Data section below:

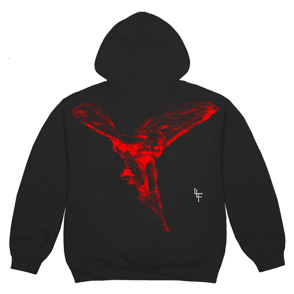 The “Live Life Fast Angel Hoodie” from Roddy Ricch features text on the front and an angel design on the back of a black unisex pullover hoodie.
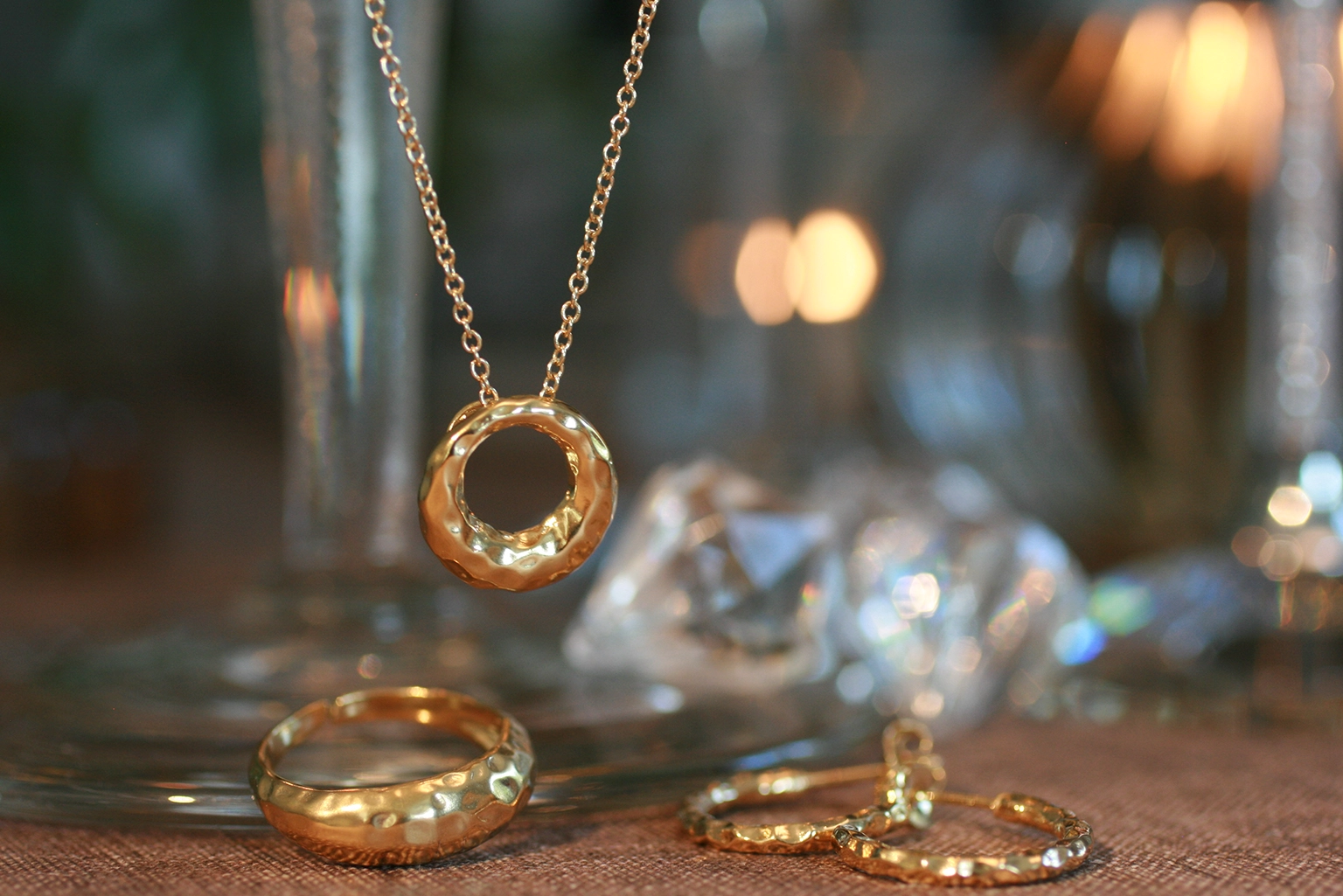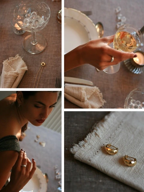 Den noggrant hamrade ytan skapar ett subtilt spel av skimmer som påminner om festens ljus. Varje smycke är designat för att framhäva en outfit – vare sig det är till en elegant middag, en kväll med vänner eller en oförglömlig nyårsafton.
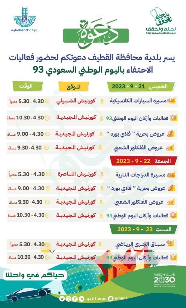 أعلنت بلدية محافظة القطيف عن فعاليات اليوم الوطني السعودي ال 93، التي ستقام تحت شعار ”نحلم ونحقق“، حيث ستشهد المحافظة تجمعاً لسكانها وزوارها على الواجهة البحرية بكورنيش المجيدية.

End of Data section.

[The task] Every line above needs to be written out again as it stands. Pictures do not belong in the copy.

[Response]
 The “Live Life Fast Angel Hoodie” from Roddy Ricch features text on the front and an angel design on the back of a black unisex pullover hoodie.
 Den noggrant hamrade ytan skapar ett subtilt spel av skimmer som påminner om festens ljus. Varje smycke är designat för att framhäva en outfit – vare sig det är till en elegant middag, en kväll med vänner eller en oförglömlig nyårsafton.
 أعلنت بلدية محافظة القطيف عن فعاليات اليوم الوطني السعودي ال 93، التي ستقام تحت شعار ”نحلم ونحقق“، حيث ستشهد المحافظة تجمعاً لسكانها وزوارها على الواجهة البحرية بكورنيش المجيدية.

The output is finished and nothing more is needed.